The main driving forces of mobility in the first decade of post-Soviet history were the understated remunerations of highly skilled labor, its ineffective use and lack of demand for scientific results, an overabundance of scientific personnel in the new conditions of a market economy, and the declining prestige of science [10, 11]. This was due to the contradiction between the high level of scientific personnel and the inability to meet researchers’ scientific and human needs [14]. An important factor in deciding to leave Russia is a better technical base for conducting research and experiments in leading foreign countries. Since the mid-1990s, an additional incentive to leave for abroad has been the overproduction of graduates, which exceeded the demand for personnel in science and the higher education system [1]. According to some estimates, since 1992, Russia’s annual economic losses from brain drain could amount to one annual budget every 5–7 years [5, 17].

The second stage—the systemic international mobility of Russian scientists—dates to the signing of two documents by Russia: the Lisbon Convention on the Recognition of Qualifications in 1999 and the Bologna Declaration in 2003 [18]. From that time, the flow of outbound mobility slowed down in comparison with the previous decade [10, 11], and the minimum number of researchers working in Russia was reached in 2010, amounting to 368 900 people [8]. The decrease in the rate of the brain drain was facilitated by the spread of new types of academic mobility, including circulation mobility—lecturing courses outside Russia or scientific internships [16, 19, 20].

Along with the slowdown in the rate of outbound mobility, there was a noticeable decrease in the age at which researchers are involved in the processes of mobility [16]. There was a gradual departure from the brain drain model, although some researchers believe that this process continued in the past decade and point to its negative consequences from the standpoint of the country’s intellectual security [12, 21, 22].

Of particular importance during that period was network mobility, which is directly related to the intensive development of information, communication, and network technologies in Russia. The concept of network mobility is based on the understanding that modern means of communication greatly facilitate the exchange of knowledge, which now, in most cases, no longer requires the physical movement of scientists. This type of mobility turns out to be convenient both for foreign employers, who reduce the costs of organizing the relocation and employment of a researcher of interest, and for Russian researchers, who in this case do not have problems with cultural and social adaptation, which are inevitable when moving to a different place [20]. Note that the network mobility of Russian scientists has been poorly studied until now and requires additional study.

In general, in all specialties, the emigration flow from Russia outside the post-Soviet space decreased from 100 000 people in 1995 to 11 500 in 2009 [23]. Russia began to develop mutually beneficial scientific and educational contacts with other countries, taking part in the formation of a single scientific and educational space within the framework of the Bologna process.
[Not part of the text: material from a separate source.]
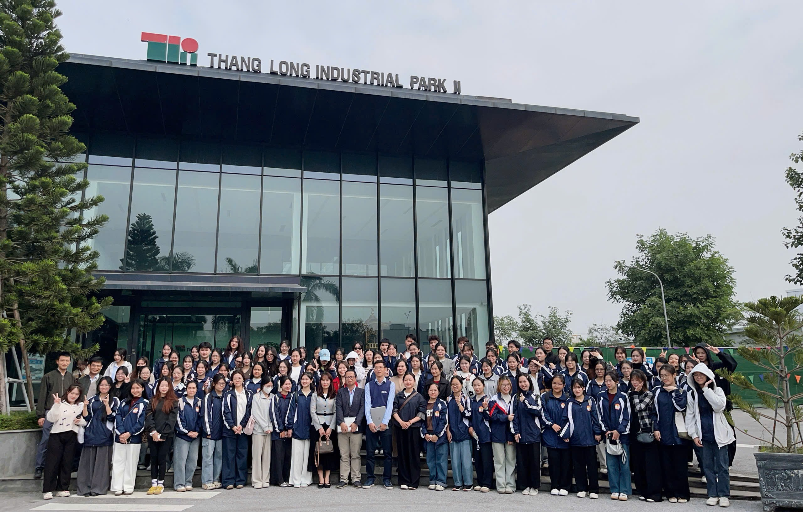 Tiếp nối chương trình, sinh viên đã có buổi trao đổi chuyên sâu tại Công ty TNHH Khu Công nghiệp (KCN) Thăng Long II – nơi tập trung nhiều doanh nghiệp FDI lớn. Tại đây, đại diện Ban lãnh đạo KCN giới thiệu về lịch sử hình thành, định hướng phát triển và mô hình vận hành của khu công nghiệp trong bối cảnh hội nhập. Sinh viên được cung cấp những thông tin quan trọng về hoạt động quản trị nhân lực trong môi trường sản xuất công nghiệp như chiến lược thu hút và giữ chân lao động, quản lý hiệu suất, xây dựng văn hóa tổ chức, quản lý quan hệ lao động cũng như tác động của chuyển đổi số đến công tác quản trị nhân lực. Đây là nền tảng quan trọng giúp sinh viên hiểu rõ thách thức và yêu cầu của công tác quản trị nhân lực trong bối cảnh cạnh tranh lao động ngày càng gay gắt.

The state became increasingly involved in the management of science and increased funding for research organizations and institutions in the system of higher education.

However, despite the increase in funding, its inadequacy for the successful functioning of the scientific sector remained obvious [24], demand for the results of scientific developments by the commercial sector of the economy was still low [10, 25], and the contribution of entrepreneurs to the funding of science was insignificant [8]. The level of intersectoral mobility, that is, the transition of researchers from the academic environment to the research units of business structures and vice versa, remained relatively low [25]. This is partly why the stable outflow of Russian specialists abroad continued, mainly to the countries of the European Union and the United States, which affected the economic development of our country [17].

The third stage covers the last decade and is characterized by multidirectional trends. The fullest scientometric analysis of the international and interregional mobility of Russian scientists was carried out in [26]. Its results indicate that the flow of researchers from the regions to the capital continues (the intra-Russian migration of researchers is 76% associated with Moscow) and from Russia abroad. The total number of researchers in comparison with the previous period again shows negative dynamics: 347  900 people in 2018 [27]. Just like in the previous period, the scale of scientific emigration is decreasing: from 0.9–1.2% of researchers who left Russia annually in the early 2000s to 0.4–0.5% in the mid-2010s [26]. The role of circulation mobility, which is the most effective from the economic standpoint, is growing, since scientists have the opportunity to train and work abroad, receive unique experience there, and then apply it at home [28]. Apparently, this applies to a lesser extent to the border regions, where the possibilities of going abroad are wider, which leads to a decrease in the number of researchers. Thus, the example of the Baltic region shows the contradiction between the positive population growth and the negative dynamics of scientific personnel over the past six years: according to estimates, the annual external migration in the region is 5% [29].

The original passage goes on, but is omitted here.